Наш Солдат – человек обстоятельный, не счесть, сколько вёрст прошёл, пока выбор сделал. Нашёл себе местечко по душе и по сердцу. С одного края — лес дремучий стеной стоит, с другого — озеро мелкой волной шлёпает. На лугу клеверном овцы-коровы пасутся. Но, главное, дом! Крепкий, новый, лиственничный. С баней и садом. Окна на дорогу выходят, а по ней кто только не идёт-катит. Купцы с красным товаром, цыгане с музыкой, солдаты с обозами, бродяги с песнями, каторжники с кандалами. Сиди себе у окна, пей наливочку и проезжий народ рассматривай.
Решил Солдат дом покупать. Пересчитал он деньги, заглянул в ранец и поехал на ярмарку продать всё, что за двадцать пять лет в армии наслужил. Дюжину ложек серебряных, кинжал дамасский и десяток коронок золотых, словом, все те трофеи, что солдат обычно с войны привозит. Целый день торговал. Охрип, но цену получил хорошую. И на дом хватает, и на корову, и на чарку-другую остаётся.
Заглянул, на радостях, Солдат в трактир.
— Принимайте, — говорит, — православные, нового земляка. Дозвольте винца хлебного всем поднести…
Очнулся он наутро в бурьяне. Голова разбита, мундир порван. В карманах, где все деньги лежали - ветер гуляет. Бросился к трактирщику, а тот рожу воротит. Мол, Солдат всю ночь гулял-угощал, да ещё и должен остался.

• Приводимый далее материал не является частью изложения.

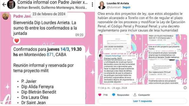 Cuenta Arrieta que ese grupo fue convocado a una “reunión reservada por tema proyecto milit (SIC) y se enumeran los confirmados diputados y los abogados Ricardo Saint Jean, Laura Olea, el ex juez de la Casación destituido por supuestos cobros de coimas y vinculado a agentes de la SIDE, Eduardo Riggi”.
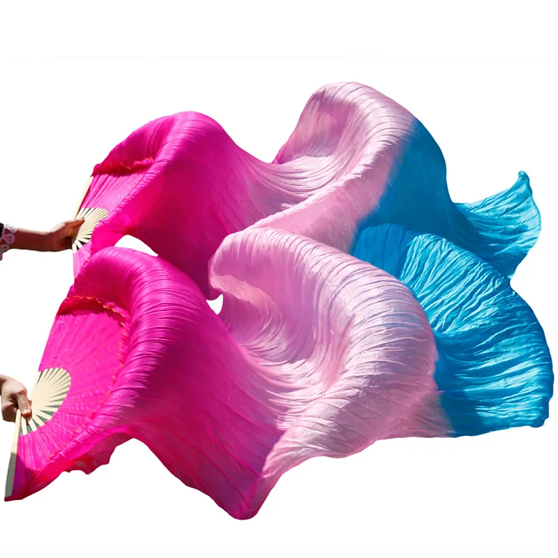 Принадлежности для танца живота, 100% натуральный шелк/искусственный шелк, ручная работа, крашеные шелковые вуали для танцев, 1 пара, высококачественные шелковые вееры
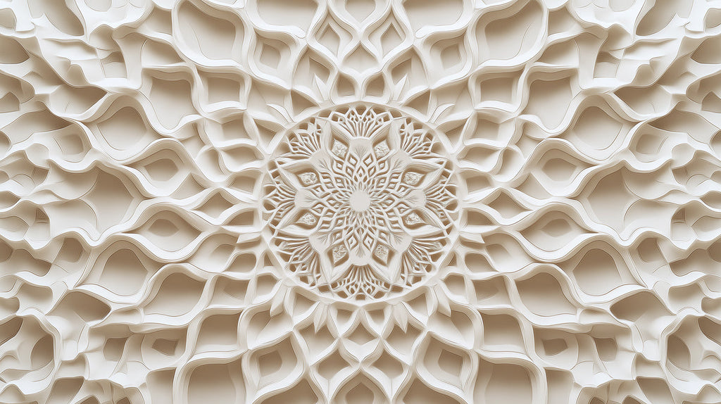 Agrega un margen de seguridad de 6 a 10 cm. El área total se calcula en metros cuadrados y se redondea al número entero más cercano.Papel tapiz mural de madera 3D Mandala en el dormitorio | Diferentes tonos de marrón Mandala para el budismo

Закручинился наш служивый, сел на крылечке.
***
Ехал мимо барин на вороном жеребце.
— Пойдёшь, Солдат, ко мне в разбойники? — спрашивает. – Я Дубровский!
— Никак нет, ваше благородие, — отвечает тот. – Не готов ещё.
Ехал мимо седой граф в бричке.
— Пойдёшь, Солдат, ко мне в работники? – спрашивает. – Только, чур, не пьянствовать и мясо не есть.
— Извиняйте, ваше сиятельство, — отвечает тот. – Не готов ещё.
***
Попил он у колодца, пустой ранец за плечи забросил и побрёл, куда глаза глядят.
Прошёл через деревню, головы не поднял. Чтобы не видеть дом – крепкий, новый, лиственничный!
Но, российский солдат духом крепок. Никакая беда его не осилит.
Идёт служивый, ветерок из него хмель-тоску выдувает. Шаг за шагом, поступь твёрже становится, глаза веселее блестят, спина распрямляется. Вот уж и деревня за поворотом скрылась, дорога в сосновый бор свернула.
— Здравствуй, лес-батюшка, — снял фуражку Солдат. – Спасибо, что вырос на радость и пользу русскому человеку. Даришь нам, отец родной, брёвна для изб и поленья для печей. Кормишь грибами, укрепляешь мясом звериным, балуешь мёдом пчелиным. Даёшь приют путнику, радуешь добычей охотника, укрываешь беглеца-каторжника.
Зашумел лес в ответ, закачав зелёными ветвями, мол, входи православный, не бойся ничего.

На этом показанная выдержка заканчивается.